Okay, maybe I'll address your first part of the question in terms of the status of the program. And as you know last October we brought that program into the collaboration as a program of interest. This is obviously their collaboration Aurigene and their scientists are working really heavily on generation of compounds and assessing those. The next step that we would be taking is to actually license the program into -- as part of the collaboration, so we would exercise our option where we expect to exercise our option to license that. That's done for us at a time when we know we have a development candidate that we want to begin enabling studies with; which would include obviously the formulation work, manufacturing work, safety studies and the completion of the pre-clinical pharmacology studies that go on as part of the IND enabling study. So next step for us is Brian to exercise the license and then begin the -- what we would consider to be the IND enabling stages on the development candidate itself or for that. Our expectation, I think the guidance we've given is that this would be in the second half of this year, our expectation is to do that. Some of the data around those compounds were presented at the ACR Conference, we have multiple compounds and we do have multiple compounds that have had very nice activity and selectivity for PD-L and TIM3. Those compounds were shown to be active in invivo tumor models and multiple different invivo tumor models. Those are the types of things that we are looking at in terms of both, the potency selectivity, pharmacokinetic properties, as well as invivo activity of these compounds to select the one that we would be using as the development candidate. That has…

Great, thanks.

Thank you. And we have a follow-up question from Peter Lawson with SunTrust Robinson Humphrey. Your line is now open.

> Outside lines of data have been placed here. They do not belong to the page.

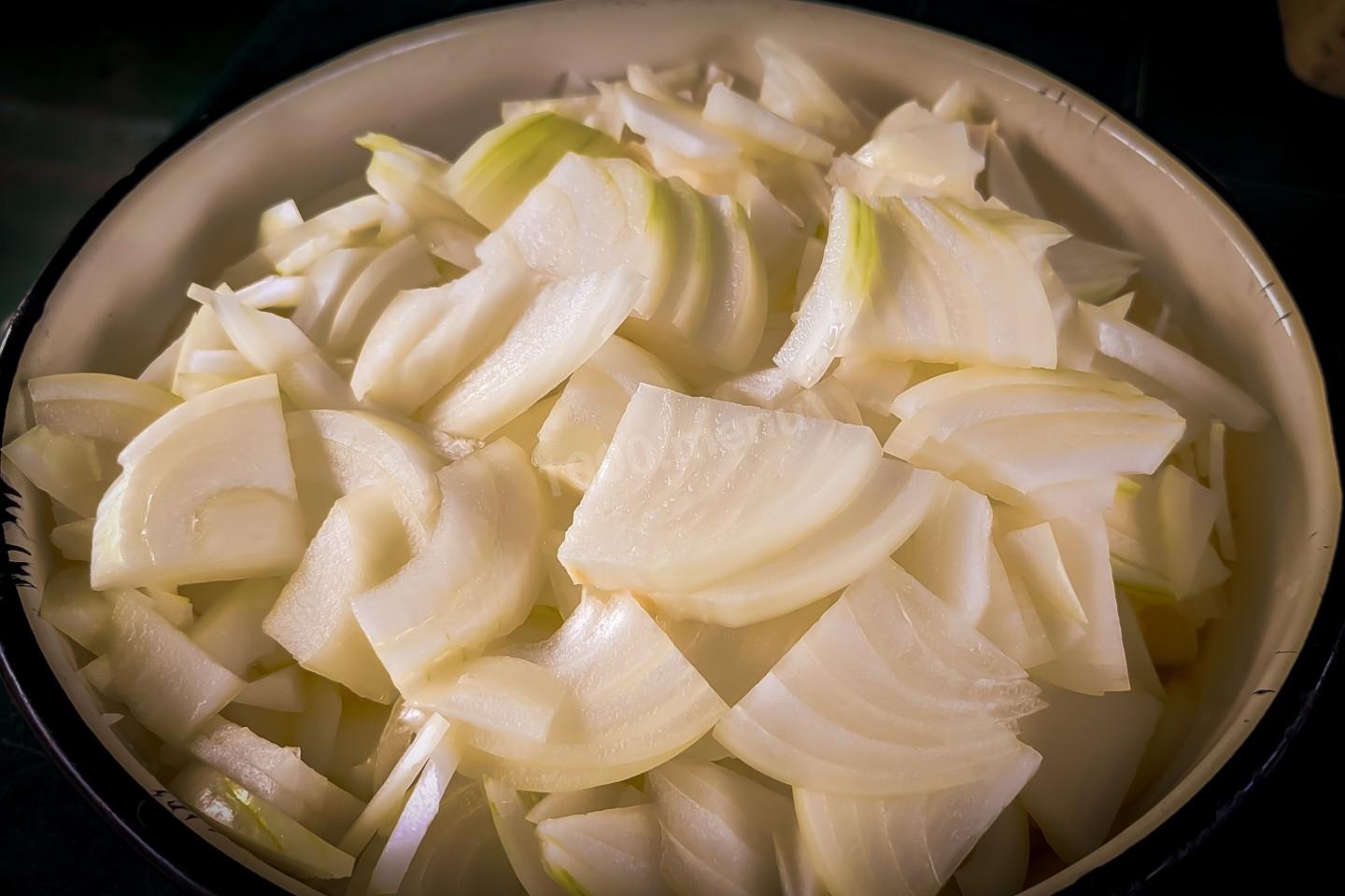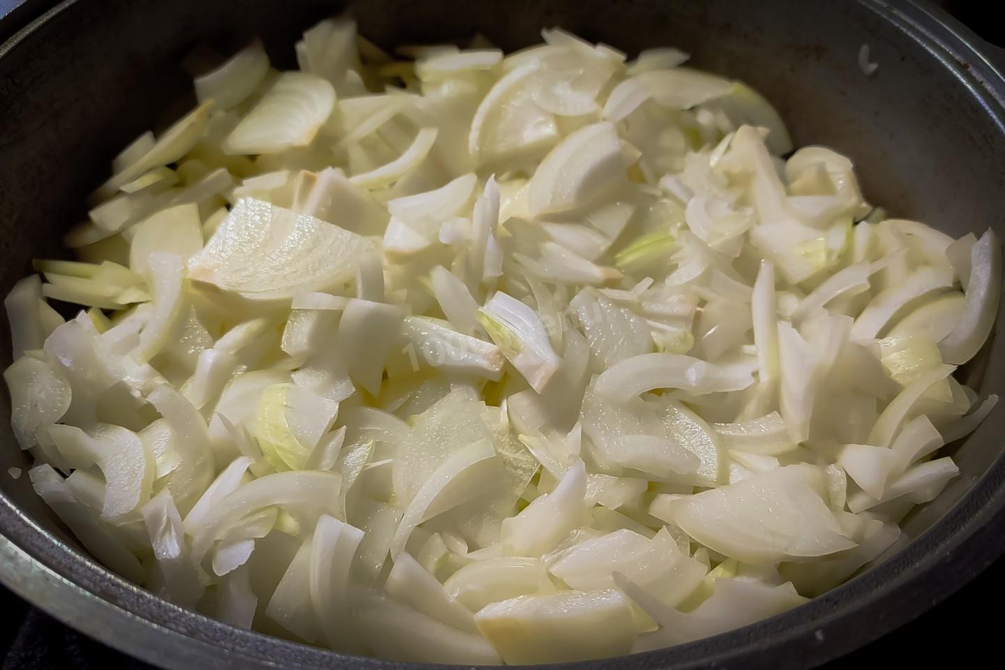 Теперь в кастрюлю всыпать весь лук. По количеству его будет много, но в процессе приготовления объём лука сильно уменьшится (!). Лук прожаривать при сильном огне, периодически перемешивая.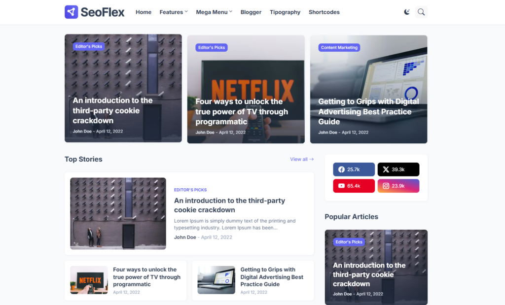 SeoFlex, modern tasarımı, üstün performansı ve Core Web Vitals uyumluluğu ile öne çıkan, SEO odaklı ve çok yönlü bir ücretsiz Blogger temaları ndan bir tanesidir. Arama motorlarında daha iyi sıralamalar elde etmek ve dijital görünürlüğünü artırmak isteyen blog yazarları için ideal bir tercihtir. Son teknolojiyle geliştirilen bu şablon, kullanıcı deneyimini ve hız optimizasyonunu ön planda tutar.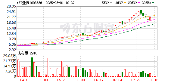 *ST亚振盘中涨停,已连收3个涨停板,截至9:25,该股报23.68元,换手率0.04%,成交量10.78万股,成交金额255.27万元,涨停板封单金额为4737.66万元。连续涨停期间,该股累计上涨15.74%,累计换手率为1.94%。最新A股总市值达62.22亿元。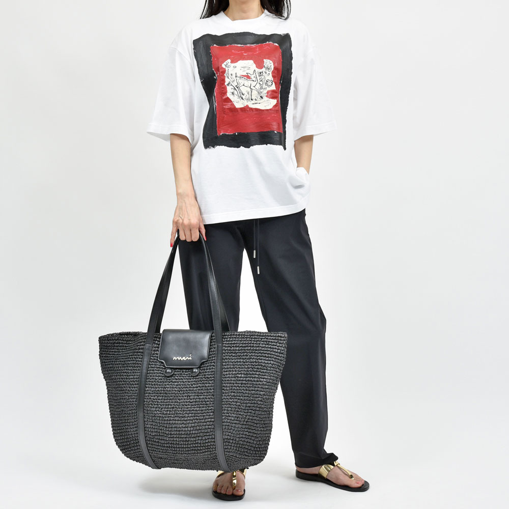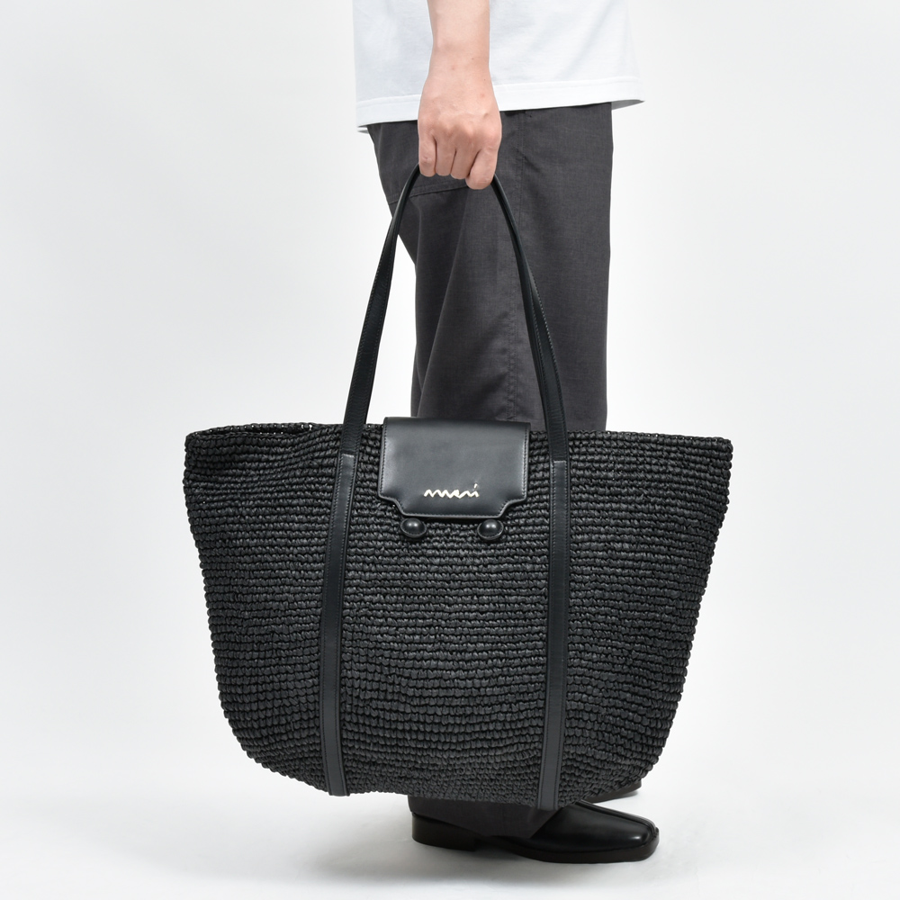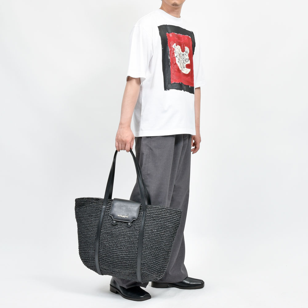 クールなかごバッグ的な感じでストリート色があり、リゾーティーなムードもキープされている、MARNIらしい雰囲気が印象的なバッグです。しっかりとレザーを用いることで高級感も高められていて、単なるリゾートバッグでは終わらないクリエイティブ感があります。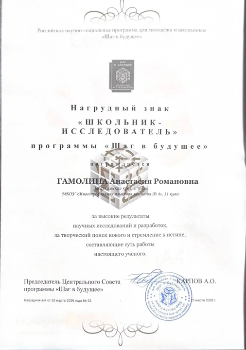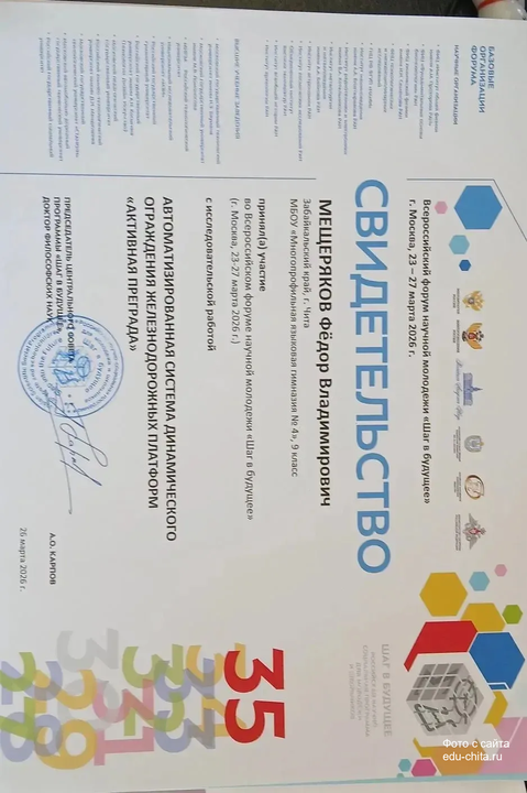 Члены ШНОУ «СИЯР» Многопрофильной языковой гимназии №4 в составе команды «Новаторы» от Забайкальского края приняли участие в 35-м юбилейном Всероссийском форуме научной молодежи «Шаг в будущее», который проходил в г. Москве с 23 по 27 марта.
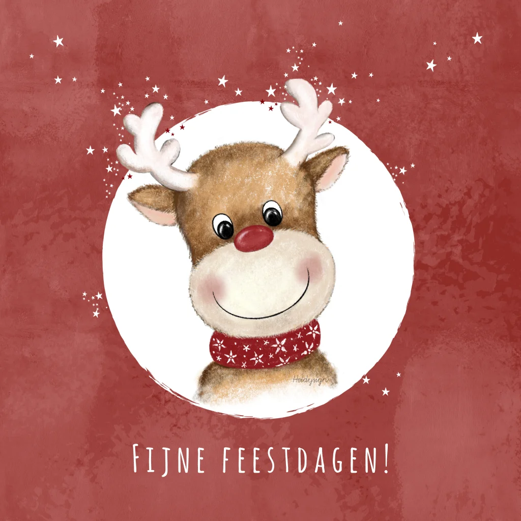 Grappige rode kerstkaart met een tekening van een fluffy rendier met een rode neus en vele sterretjes. Pas de kaart naar wens aan en maak er jouw unieke kerstkaart van met een persoonlijke kerstwens.
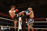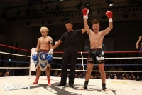 3R、パンチ、ロー、ヒザ蹴りで前に出る剣闘士。明戸は左フック・左ハイキックのカウンターを狙う。中盤、明戸の左ハイが当たり、剣闘士の動きが止まる。必死にパンチで前に出る剣闘士だが、明戸が左フックをヒットさせて下がらせる。残り30秒、足を止めて打ち合う両者。ここでも明戸が左フックで前に出る。判定は2Rにダウンを奪った明戸の勝利となった。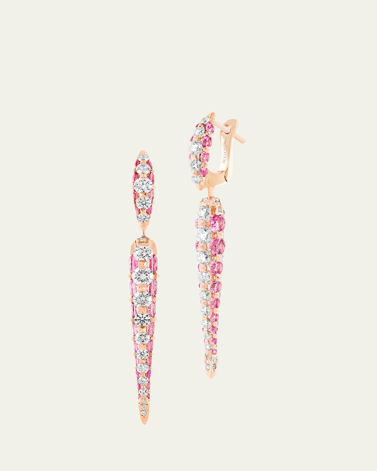 Boghassian drop earrings 18karat rose gold Roundshaped pink sapphire gemstones; 2.89 total carat weight Small brilliantcut diamonds; 2.33 total carat weight For pierced ears Made in Switzerland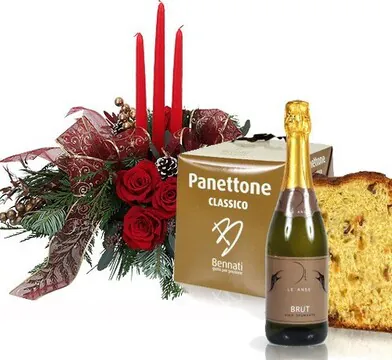 Augura un buon Natale con un centrotavola con 3 rose rosse, verde decorativo e candele, abbinato ad un panettone ed una bottiglia di spumante. Adatto per le festività natalizie.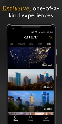 Download our app and discover Gilt's ever-changing assortment of top designers and one-of-a-kind experiences – all right at your fingertips. Shop on the go and get incredible steals for women, men, kids and home to inspire every facet of your life. Plus, find deals for unforgettable experiences available in your city.

Just a quick clarification. Just around cash, you didn't -- I don't think I've heard any cash guidance. I think previously you said it kind of last into 2017, is that still the same kind of outlook you have around cash?

That's right. We haven't specifically given guidance on that. I think obviously with over $60 million in the bank, it's going to last a good way through 2017 but we haven't given specific guidance yet as you can imagine a lot of that will depend on the costs coming over the next couple of quarters.

Perfect. Okay, thank you so much.

And I'm showing no further questions at this time. I'd like to turn the call back over to Ali Fattaey for closing remarks.

Thank you everyone for joining the call. First, I would like to thank all of Curis's employees for their hard work in both bringing our drug candidates to a stage of less testing and into clinic, and also the fantastic job that they do in conducting the clinical studies that we discussed today. Second, I'd like to thank our partners, and particular Aurigene and their scientists and their leadership for all of the work that's going on in collaboration in a short period of time to get the first small molecule immuno-oncology checkpoint inhibitor into the clinic and the various other programs that very fruitfully have been advanced in their collaboration. As well as thanking our partners Genentech and Roche for the continued commercialization and development of Erivedge. And lastly, and most importantly, I'd like to thank all of the patients and their families for participating in the studies and enabling us to test these potential drug candidates for the treatment of cancer patients. With that I thank everyone for joining this call.

Ladies and gentlemen, thank you for participating in today's conference. This does conclude the program, and you may all disconnect. Everyone have a good day.